Dict with threshold values for filtering determined after looking at the QC plots. E.g. to remove only cells with number of genes below a certain number and ribosomal counts above a certain number.

In [3]:
dict_diagn = {} # initialise dict with diagnostic values: cell number after every QC step
dict_genes = {} # gene number
dict_parameters = {'20_nM_RA': [21, 8, np.expm1(7.8), 30000, 10], 'ESLIF': [23, 7.9, np.expm1(7.6), 10000,10], '2i': [33, 8, np.expm1(7.4), 10000, 10],\
                   '5000_nM_RA': [22, 7.6, np.expm1(7.8), 35000, 10],'EB_2d': [15, 8.1, np.expm1(7.9), 25000, 10],'EB_8d': [23, 8.2, np.expm1(7.9), 30000, 10],\
                   'HD_2d': [10, 8.2, 1500, 30000, 10],'HD_8d': [10, 8.3, np.expm1(7.5), 40000, 10],'RA_0d': [28, 8.9, np.expm1(8.2),50000, 10], \
                   'RA_7d': [2, 8.3, 3500, 35000, 7.5]}

Custom gene lists of interest, e.g. stress genes

In [None]:
list_qc_genes ='Fos, Fosb, Fosl1, Fosl2, Atf3, Jun, Dnaja1, Gadd45g, Endog, Pclaf' # initialised as string for ease of pasting gene lists

To additionally view distributions of stress and other genes, violin plots can be made

In [5]:
def violin(adata, sample, y_metric, metric_name):
    '''
    Plot and save QC violin plots for metrics such as stress genes, to visualise distribution of these across samples. 
    
    Args:
        adata (Anndata): Anndata object of a single sample
        sample (str): sample name, e.g. "20_nM_RA"
        y_metric (str): quality metric name (see prepare_for_qc()) for y

    Returns:
        None
    '''
    fig, ax = plt.subplots(figsize=(3,3))
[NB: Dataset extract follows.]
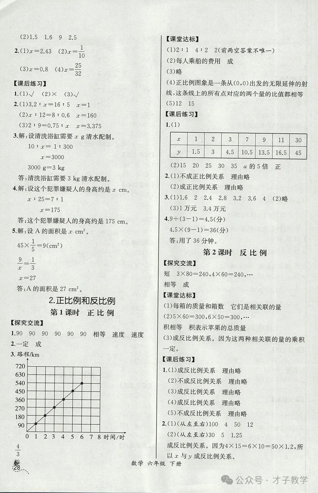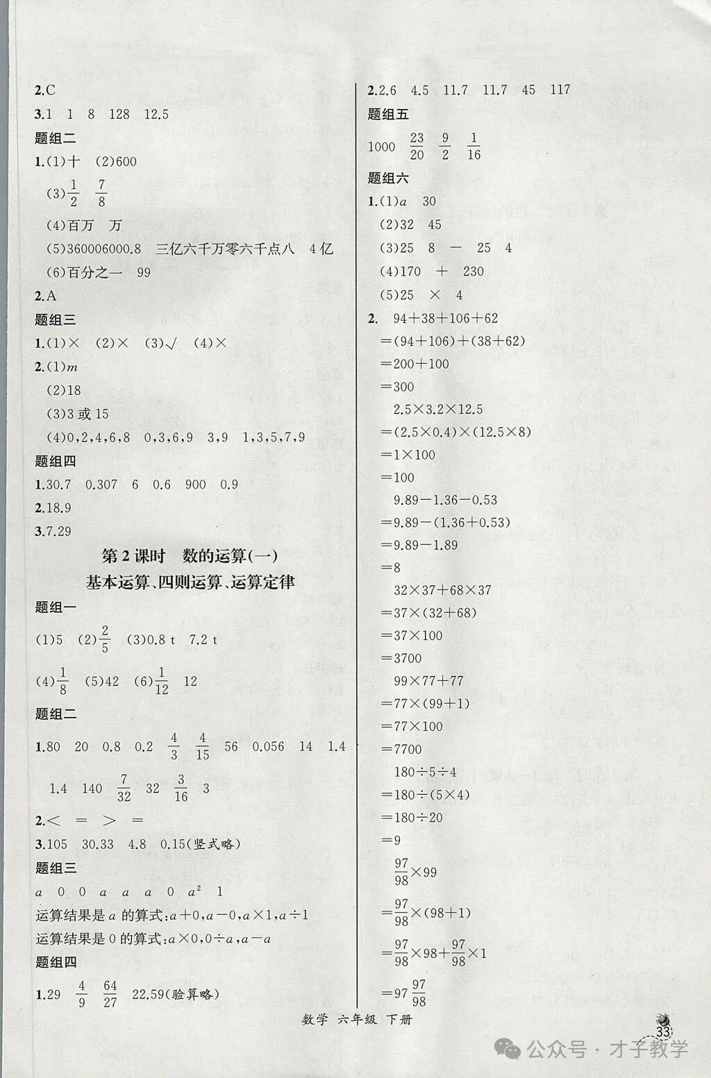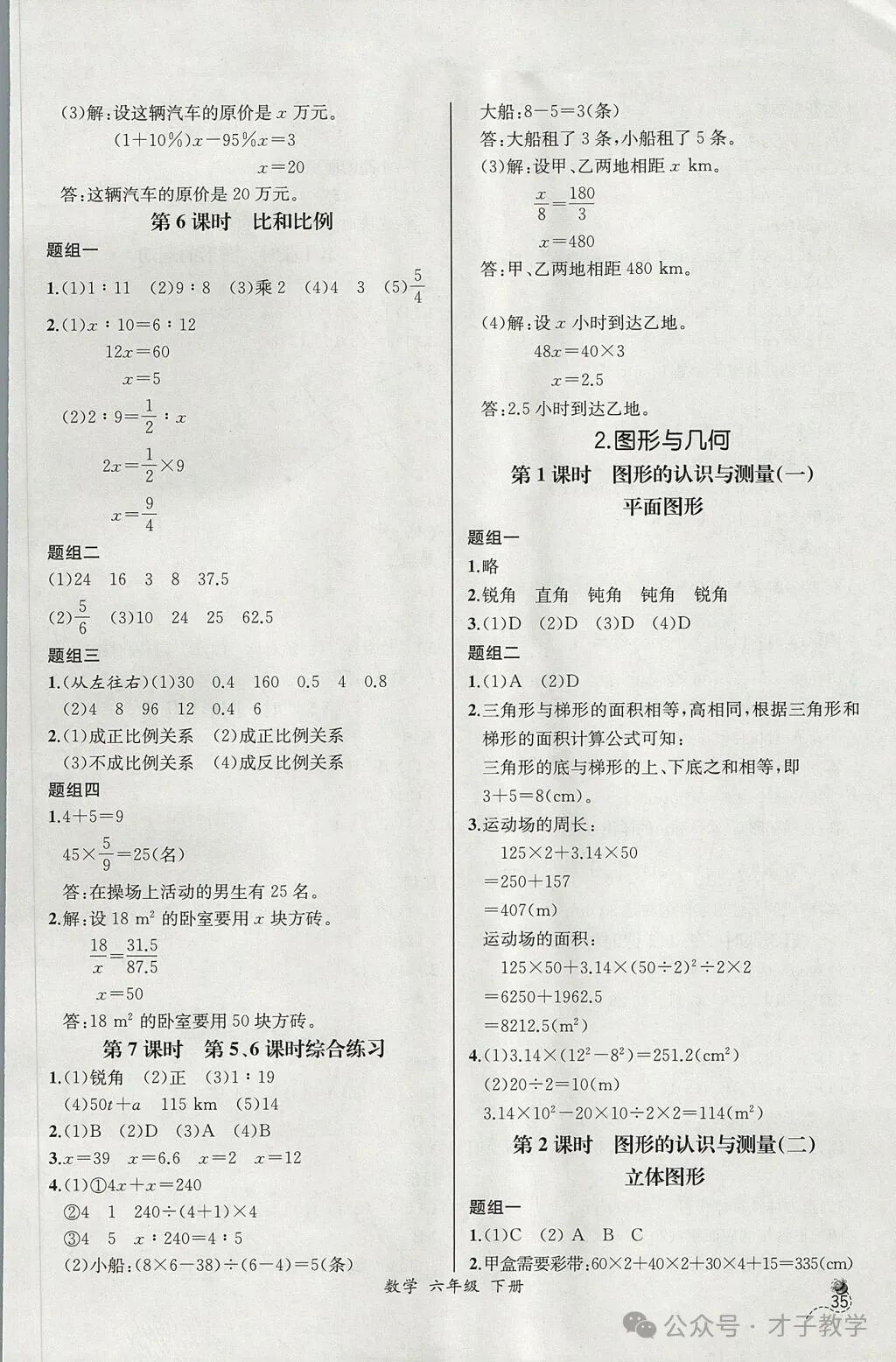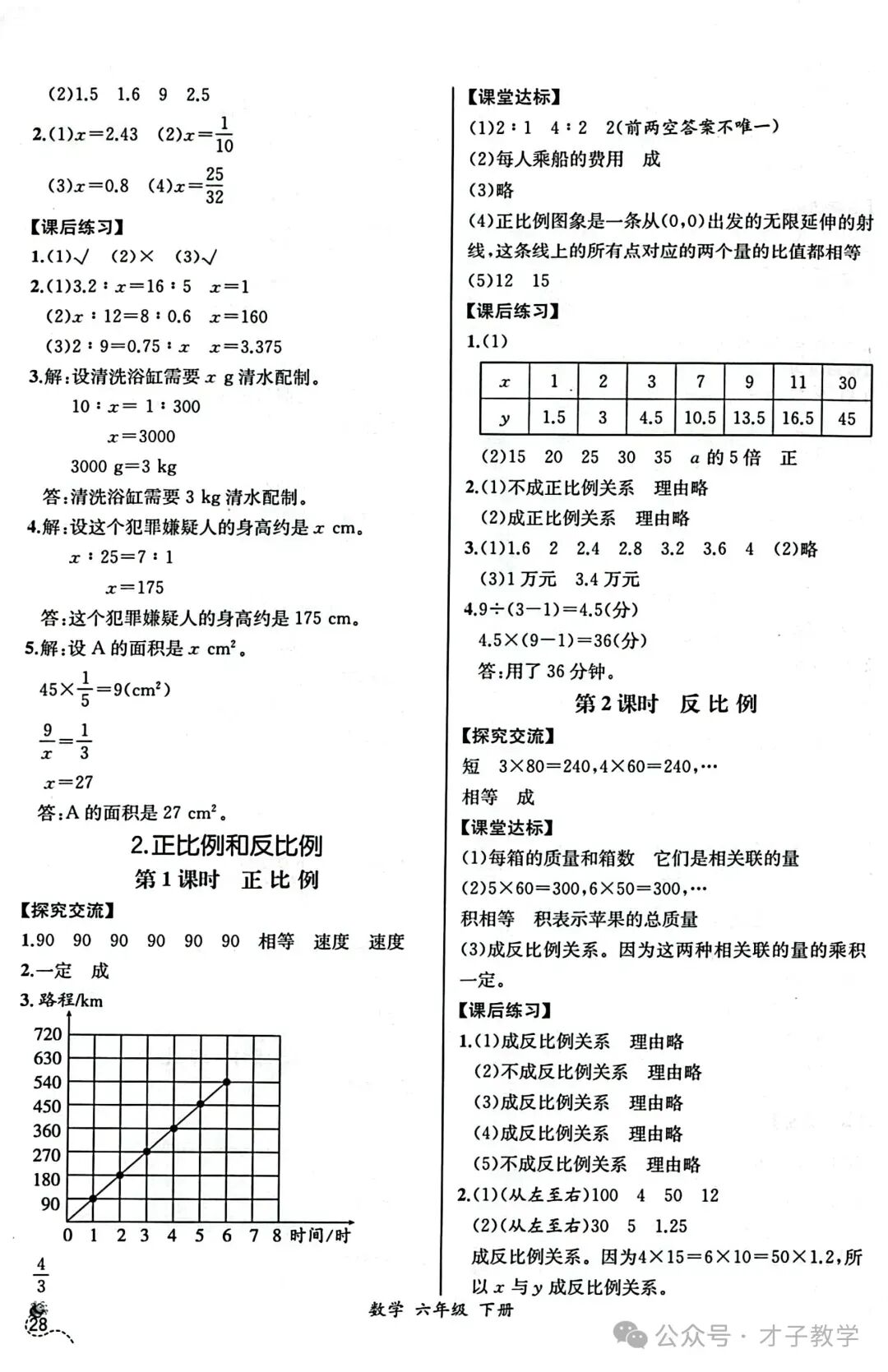 六年级数学下册课时练答案,可打印收藏
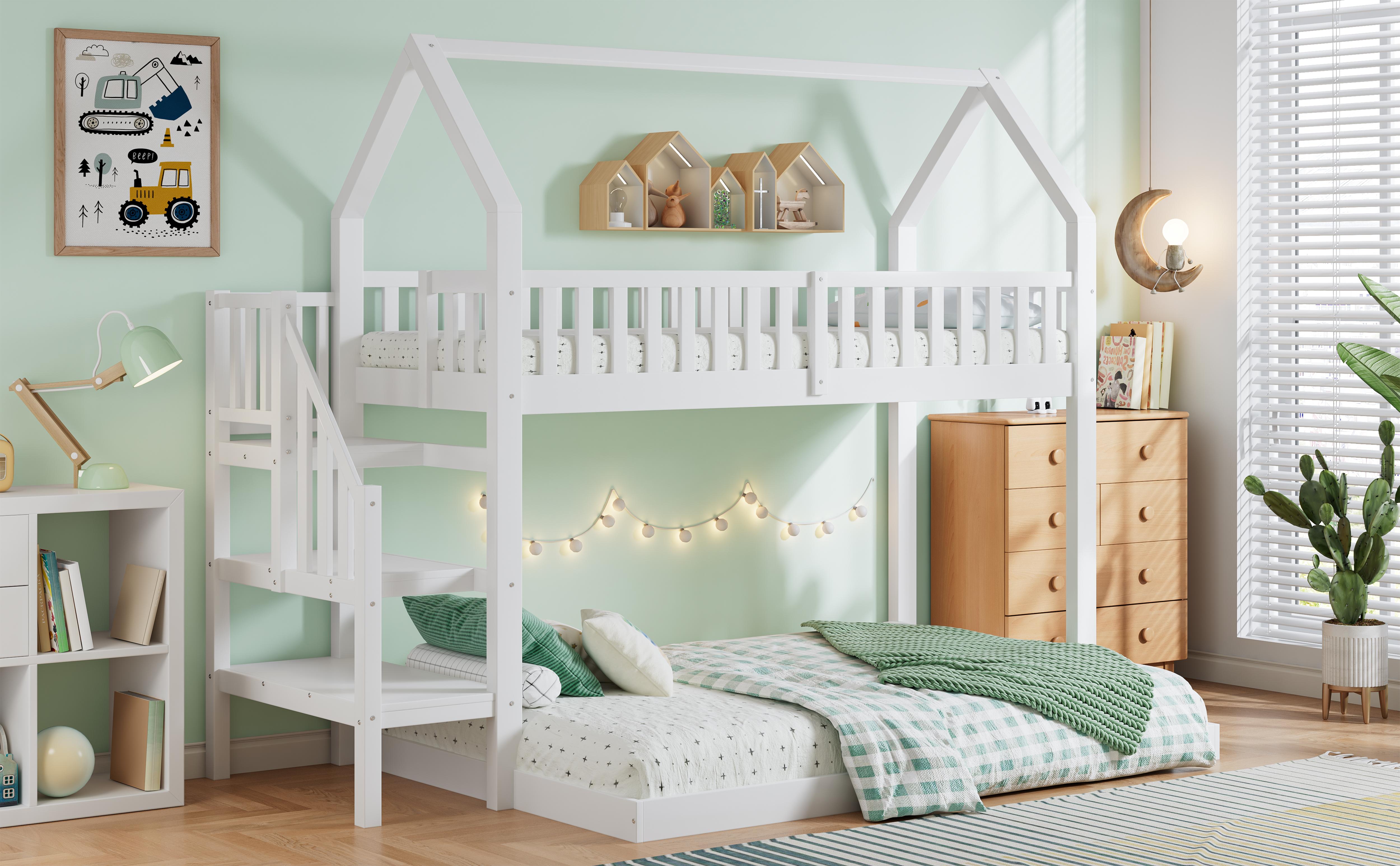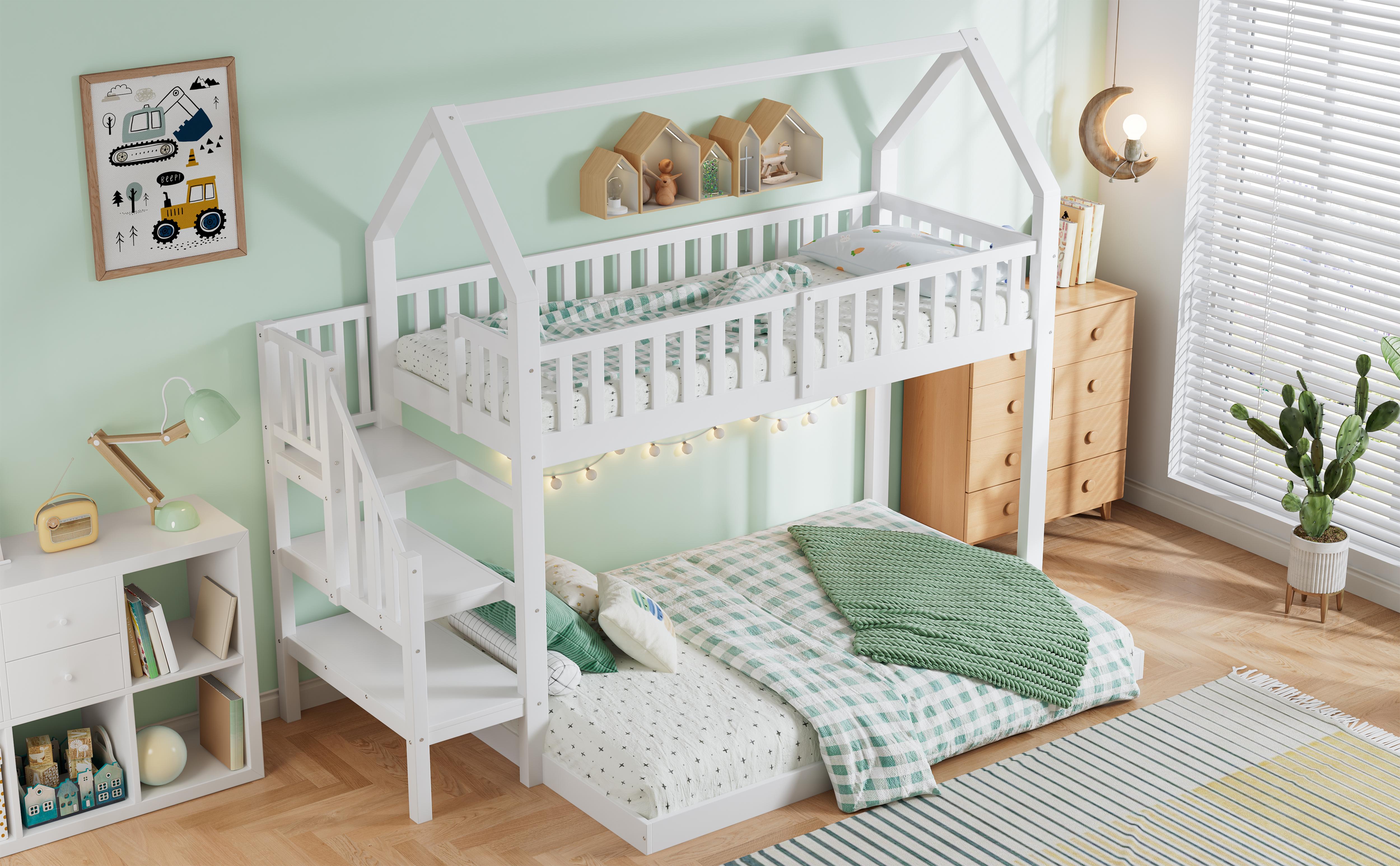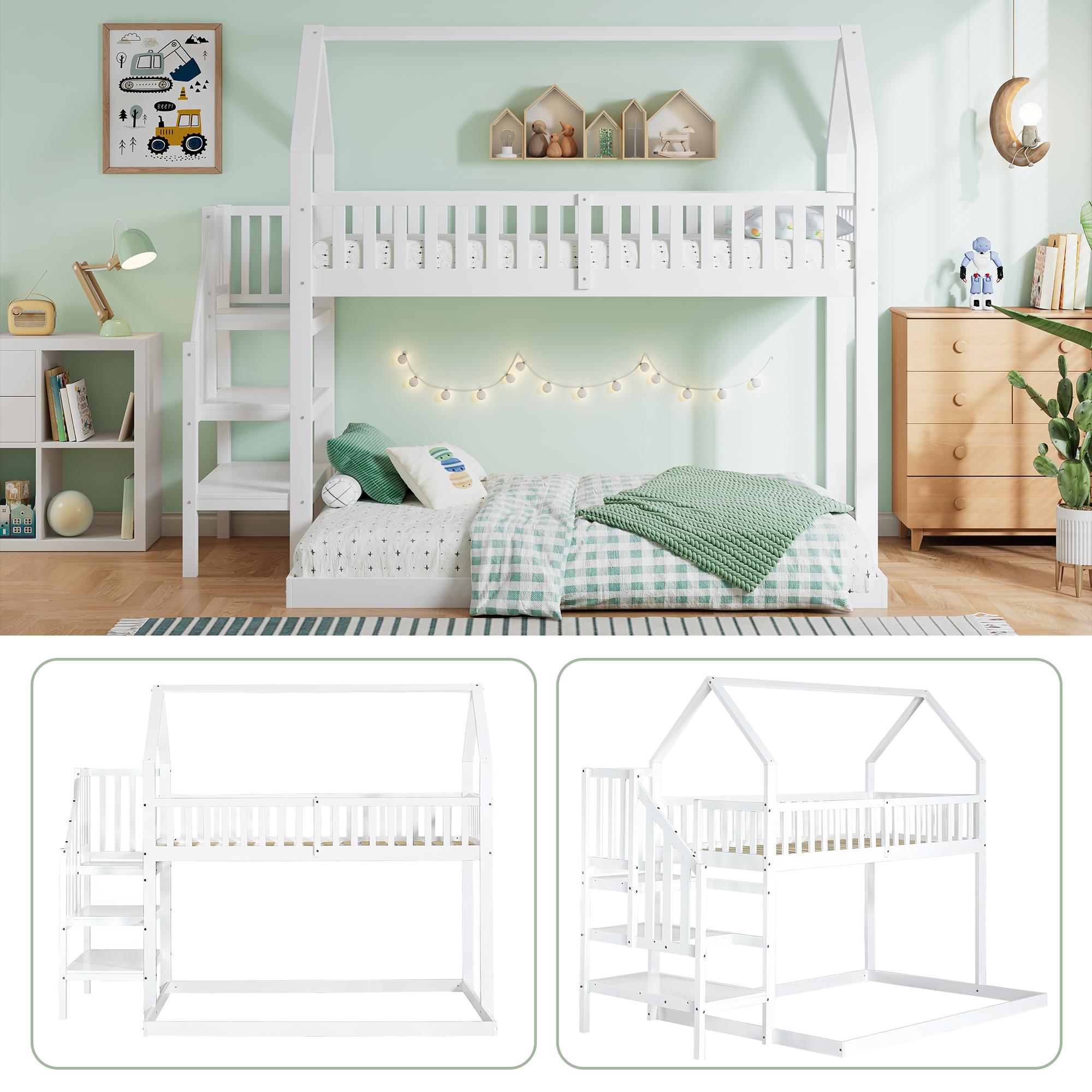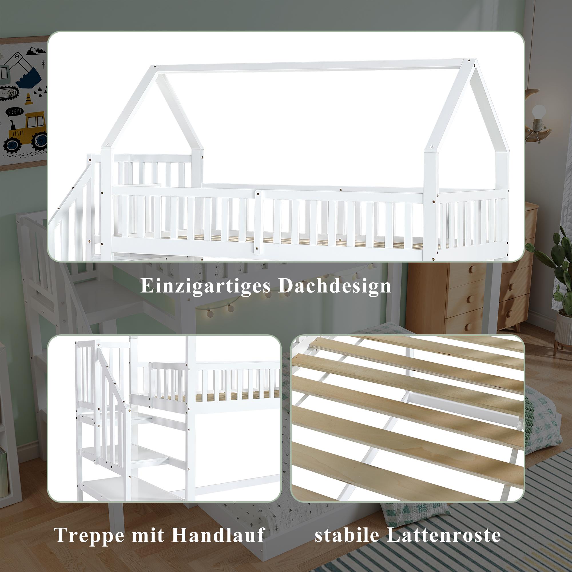 Letto a castello con letto scorrevole, scaletta con contenitore, protezione su 4 lati, MDF + pino, bianco, 90x190 cm + 90/120x200 cm (257x146x145 cm)

    # the y_metric is, for example, percent stress gene counts out of all counts
    p = sc.pl.violin(adata, y_metric, show=False, ax=ax, linewidth=3, color='#069AAB', linecolor='#4E4E4E')
    plt.ylabel(f"Percent {metric_name} gene counts")
    plt.xlabel('QC metric')
    plt.title(label=f"{sample}", weight='bold')
    plt.savefig(f'new_data/plots/qc/pl_{y_metric[11:]}_{sample}.png', dpi=300, bbox_inches='tight')
    plt.show()
    plt.close()

Open files which were prior to this step filtered for empty droplets (the object should not generally contain millions of cells)

In [4]:
files = glob.glob('new_data/not_raw/**/*.*', recursive=True) 


In [None]:
for file in files:
    sample = Path(file).parts[2]
    adata = sc.read_h5ad(file)

    #estimate quality metrics
    adata=prepare_for_qc(adata, lis_qc_genes)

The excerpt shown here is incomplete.